Task details:
Starting at the line that contains "[写真/右から齊藤参事、上野委員長と徳野生徒会長 ]", return every line through the end of the data exactly, without pictures.

Information provided:
____________________
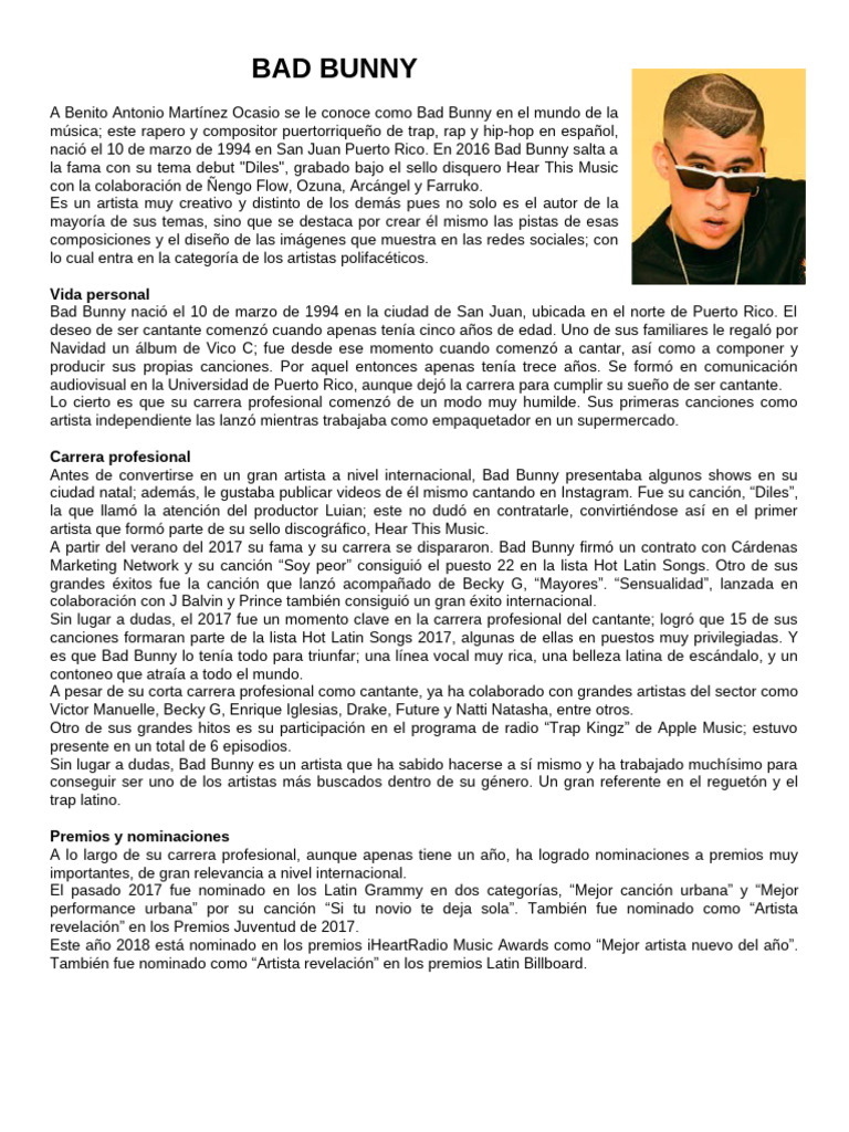 nació el 10 de marzo de 1994 en San Juan Puerto Rico. En 2016 Bad Bunny salta a
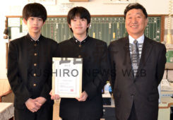 [写真/右から齊藤参事、上野委員長と徳野生徒会長 ]
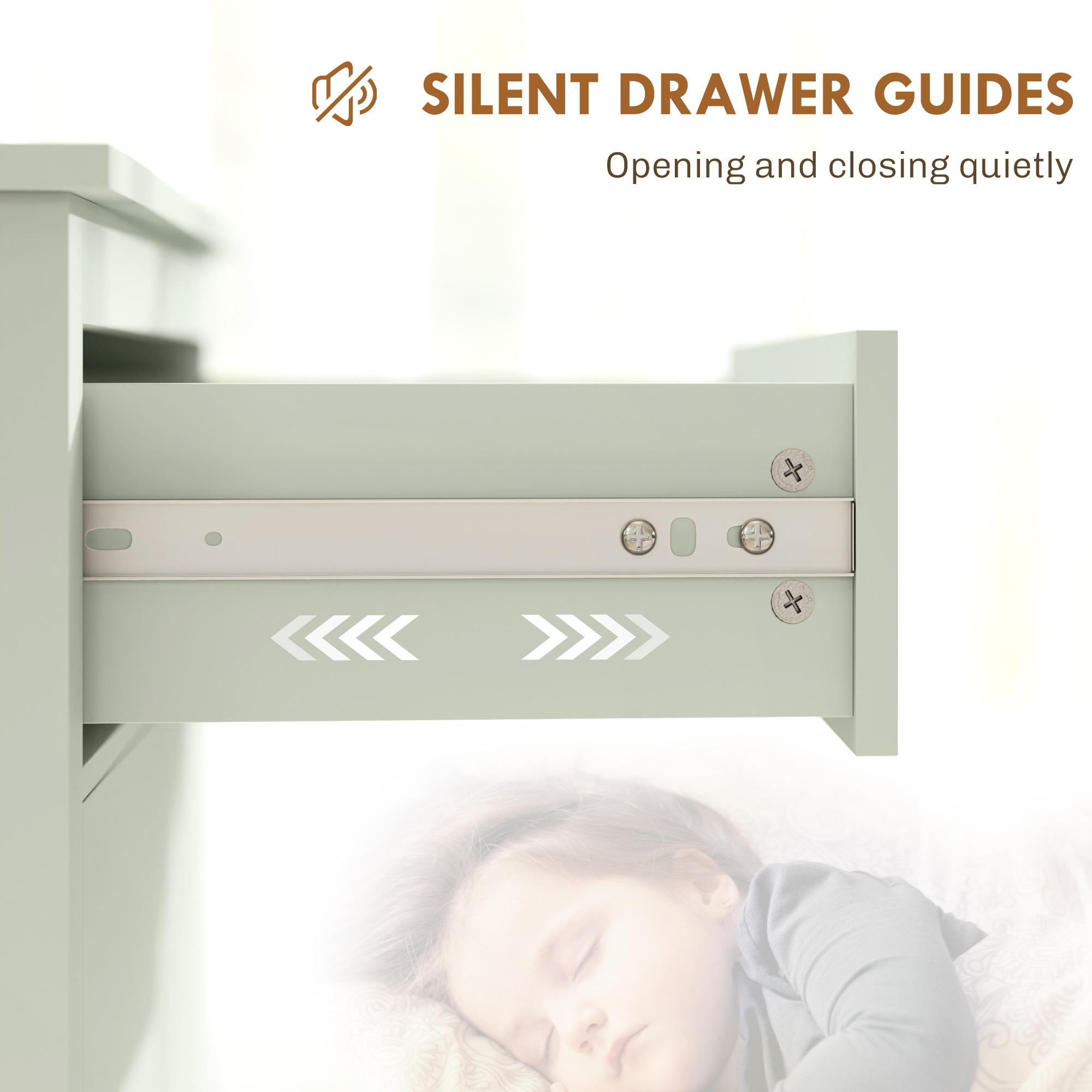- Silent drawer guides for quiet opening and closing
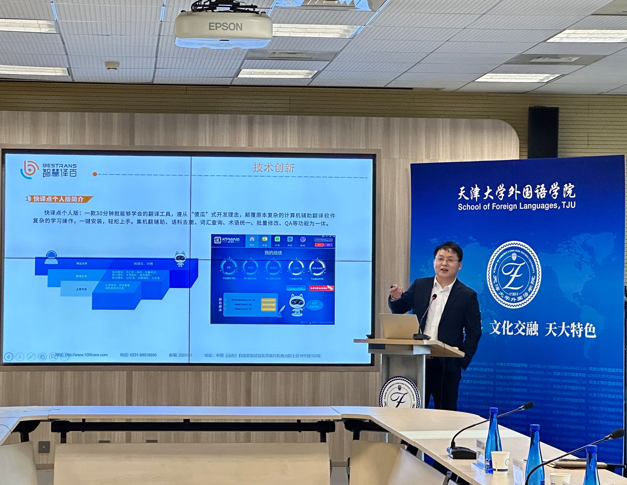 11月28日下午,山东智慧译百信息技术有限公司CEO江心波应我院邀请,在学院290报告厅为师生们带来了一场精彩讲座。外国语学院副院长肖振凤,翻译教育中心主任殷世宇,以及师生五十余人参加了本次讲座。讲座由殷世宇主持。
____________________
Response to the task:
 [写真/右から齊藤参事、上野委員長と徳野生徒会長 ]
- Silent drawer guides for quiet opening and closing
 11月28日下午,山东智慧译百信息技术有限公司CEO江心波应我院邀请,在学院290报告厅为师生们带来了一场精彩讲座。外国语学院副院长肖振凤,翻译教育中心主任殷世宇,以及师生五十余人参加了本次讲座。讲座由殷世宇主持。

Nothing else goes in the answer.